» THE PROBLEM: Take the lines below from the one with "Subjects will receive" through the one with "Astucieux, ce moule" and print only them, exactly. Don't print the pictures.

» INPUT DATA:

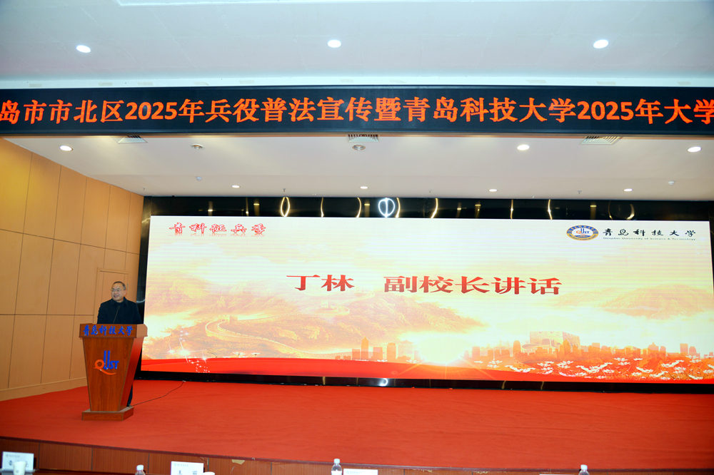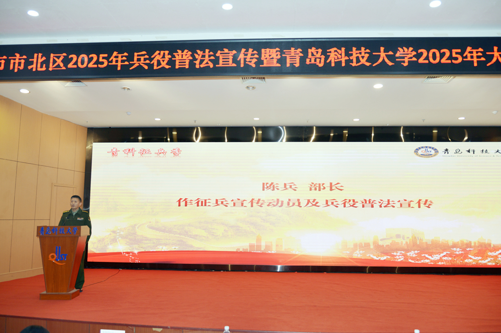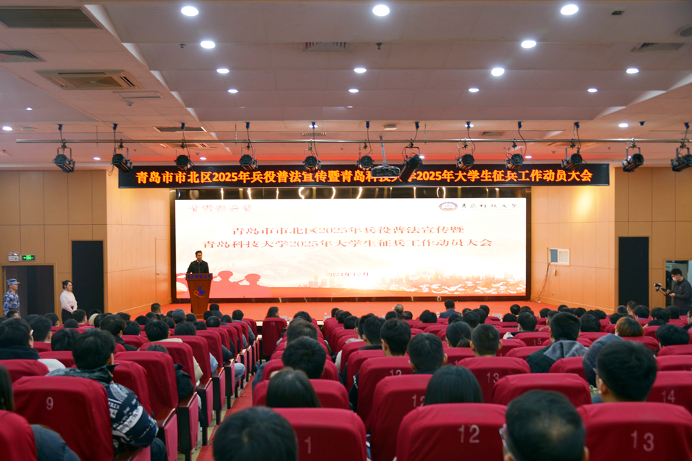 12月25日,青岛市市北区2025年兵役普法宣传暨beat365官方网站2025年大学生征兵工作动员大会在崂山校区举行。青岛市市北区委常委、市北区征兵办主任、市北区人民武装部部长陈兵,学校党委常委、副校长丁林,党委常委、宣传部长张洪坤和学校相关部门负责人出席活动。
* * *
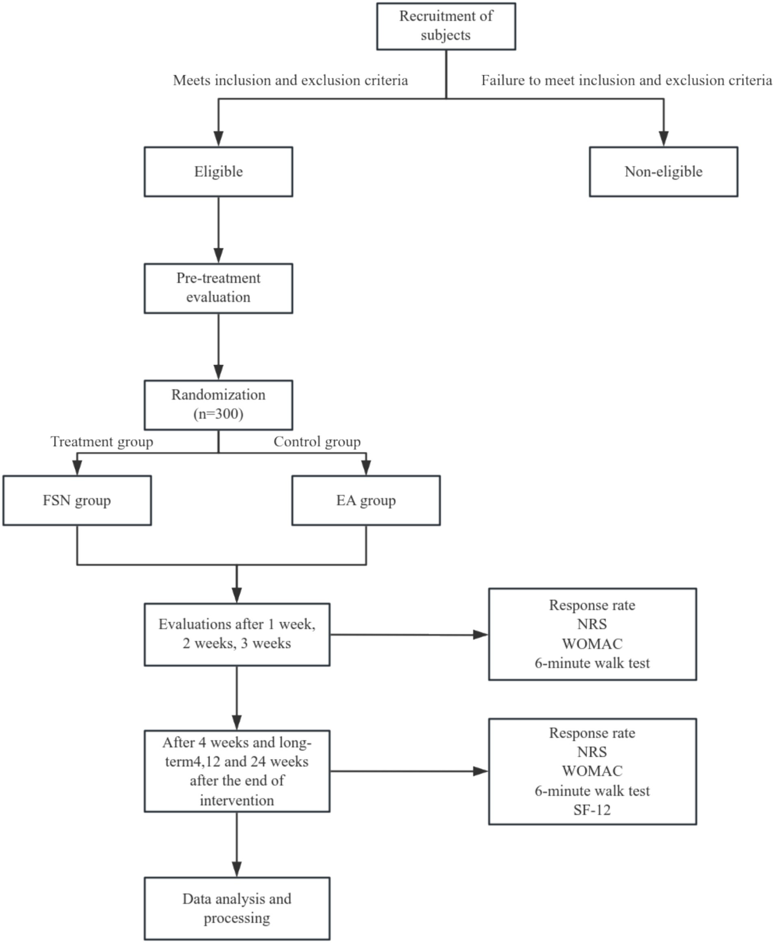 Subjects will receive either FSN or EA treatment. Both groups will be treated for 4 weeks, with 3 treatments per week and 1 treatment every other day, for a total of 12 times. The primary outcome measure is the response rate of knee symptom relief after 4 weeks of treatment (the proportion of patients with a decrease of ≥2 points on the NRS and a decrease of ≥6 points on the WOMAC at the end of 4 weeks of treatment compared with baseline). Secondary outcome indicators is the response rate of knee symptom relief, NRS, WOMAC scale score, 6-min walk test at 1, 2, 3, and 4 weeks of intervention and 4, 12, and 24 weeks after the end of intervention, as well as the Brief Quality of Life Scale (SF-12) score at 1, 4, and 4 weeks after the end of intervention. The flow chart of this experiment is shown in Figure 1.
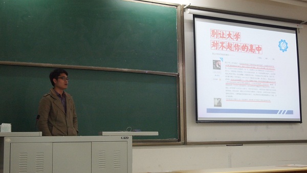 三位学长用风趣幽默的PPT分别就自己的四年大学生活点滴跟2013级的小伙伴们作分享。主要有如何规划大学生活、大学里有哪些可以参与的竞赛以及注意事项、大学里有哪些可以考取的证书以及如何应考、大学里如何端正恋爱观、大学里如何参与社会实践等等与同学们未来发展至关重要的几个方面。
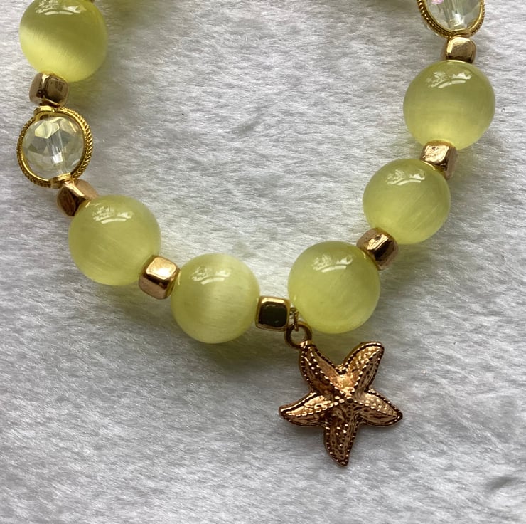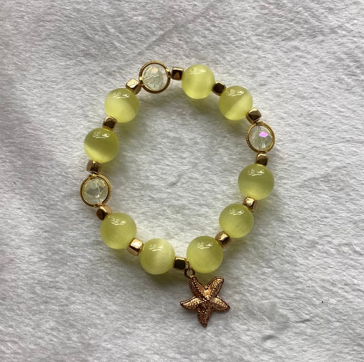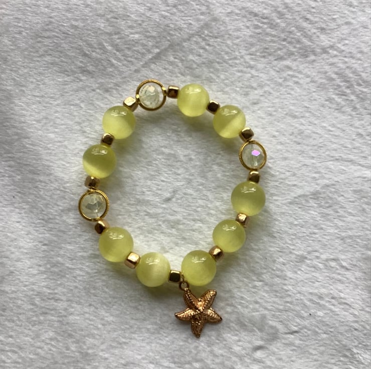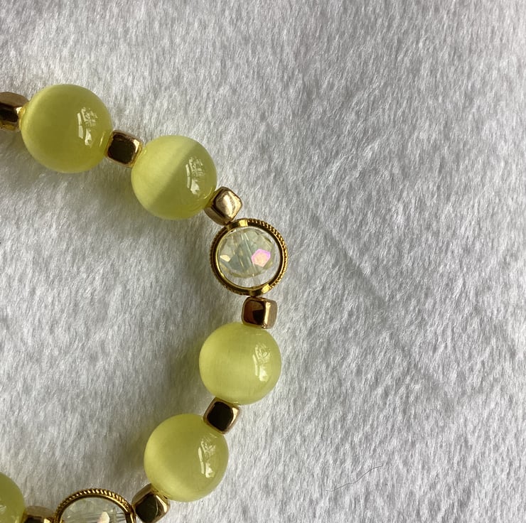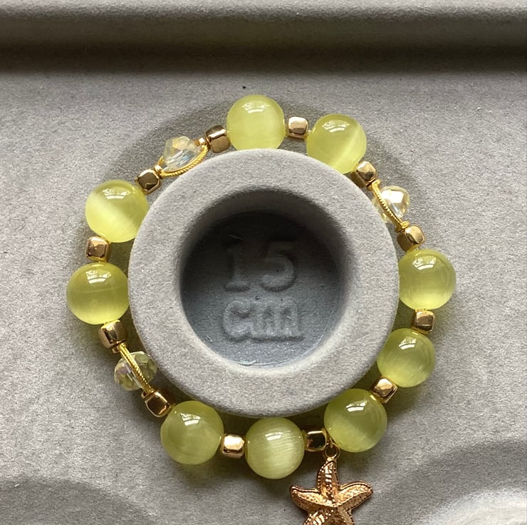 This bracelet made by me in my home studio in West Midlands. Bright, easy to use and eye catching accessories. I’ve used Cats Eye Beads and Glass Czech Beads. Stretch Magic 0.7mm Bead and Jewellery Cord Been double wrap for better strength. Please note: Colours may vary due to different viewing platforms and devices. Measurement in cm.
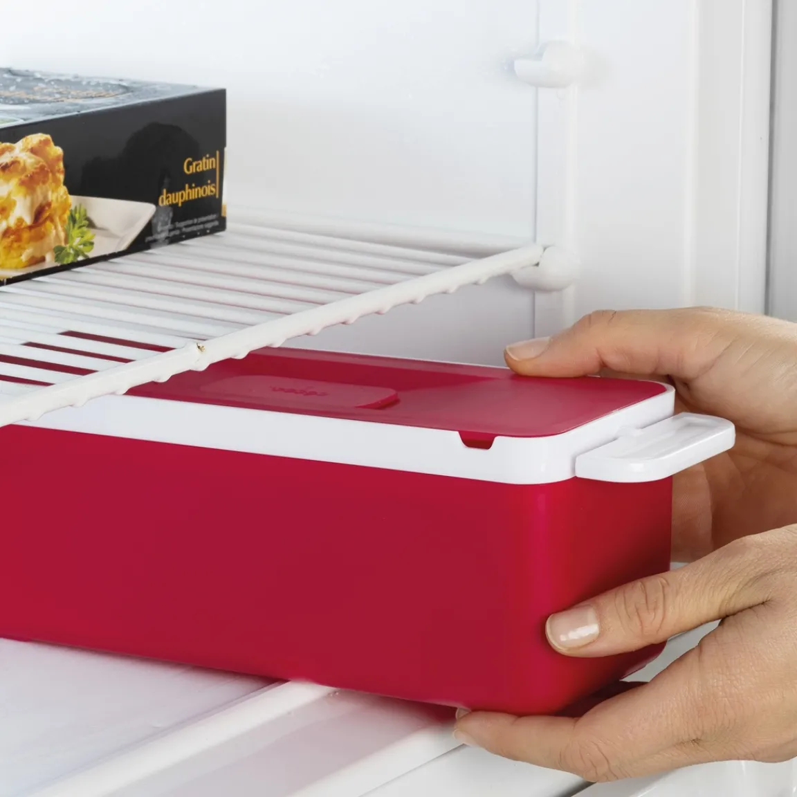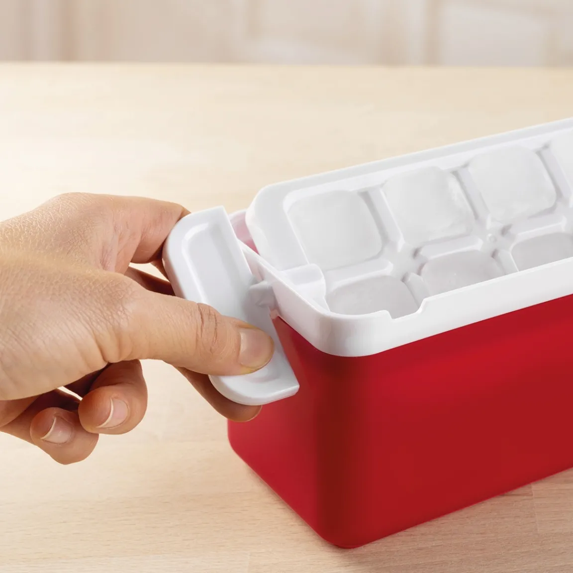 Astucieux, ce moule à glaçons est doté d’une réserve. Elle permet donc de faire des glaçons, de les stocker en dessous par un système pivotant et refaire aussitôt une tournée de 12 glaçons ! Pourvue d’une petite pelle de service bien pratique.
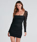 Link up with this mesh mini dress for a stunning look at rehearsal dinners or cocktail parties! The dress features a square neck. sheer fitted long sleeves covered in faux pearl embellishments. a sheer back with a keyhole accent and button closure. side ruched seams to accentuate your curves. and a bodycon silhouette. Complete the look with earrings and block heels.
==
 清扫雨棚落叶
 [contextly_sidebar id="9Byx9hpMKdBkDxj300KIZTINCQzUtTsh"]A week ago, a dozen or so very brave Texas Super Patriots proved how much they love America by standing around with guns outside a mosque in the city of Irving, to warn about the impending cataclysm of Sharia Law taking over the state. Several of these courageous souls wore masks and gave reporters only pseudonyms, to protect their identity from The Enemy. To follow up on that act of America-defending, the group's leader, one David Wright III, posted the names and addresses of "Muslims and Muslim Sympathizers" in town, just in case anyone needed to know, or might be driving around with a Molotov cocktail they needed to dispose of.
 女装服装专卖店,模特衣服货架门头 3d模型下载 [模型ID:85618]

» REPLY TO THE EXERCISE:
 Subjects will receive either FSN or EA treatment. Both groups will be treated for 4 weeks, with 3 treatments per week and 1 treatment every other day, for a total of 12 times. The primary outcome measure is the response rate of knee symptom relief after 4 weeks of treatment (the proportion of patients with a decrease of ≥2 points on the NRS and a decrease of ≥6 points on the WOMAC at the end of 4 weeks of treatment compared with baseline). Secondary outcome indicators is the response rate of knee symptom relief, NRS, WOMAC scale score, 6-min walk test at 1, 2, 3, and 4 weeks of intervention and 4, 12, and 24 weeks after the end of intervention, as well as the Brief Quality of Life Scale (SF-12) score at 1, 4, and 4 weeks after the end of intervention. The flow chart of this experiment is shown in Figure 1.
 三位学长用风趣幽默的PPT分别就自己的四年大学生活点滴跟2013级的小伙伴们作分享。主要有如何规划大学生活、大学里有哪些可以参与的竞赛以及注意事项、大学里有哪些可以考取的证书以及如何应考、大学里如何端正恋爱观、大学里如何参与社会实践等等与同学们未来发展至关重要的几个方面。
 This bracelet made by me in my home studio in West Midlands. Bright, easy to use and eye catching accessories. I’ve used Cats Eye Beads and Glass Czech Beads. Stretch Magic 0.7mm Bead and Jewellery Cord Been double wrap for better strength. Please note: Colours may vary due to different viewing platforms and devices. Measurement in cm.
 Astucieux, ce moule à glaçons est doté d’une réserve. Elle permet donc de faire des glaçons, de les stocker en dessous par un système pivotant et refaire aussitôt une tournée de 12 glaçons ! Pourvue d’une petite pelle de service bien pratique.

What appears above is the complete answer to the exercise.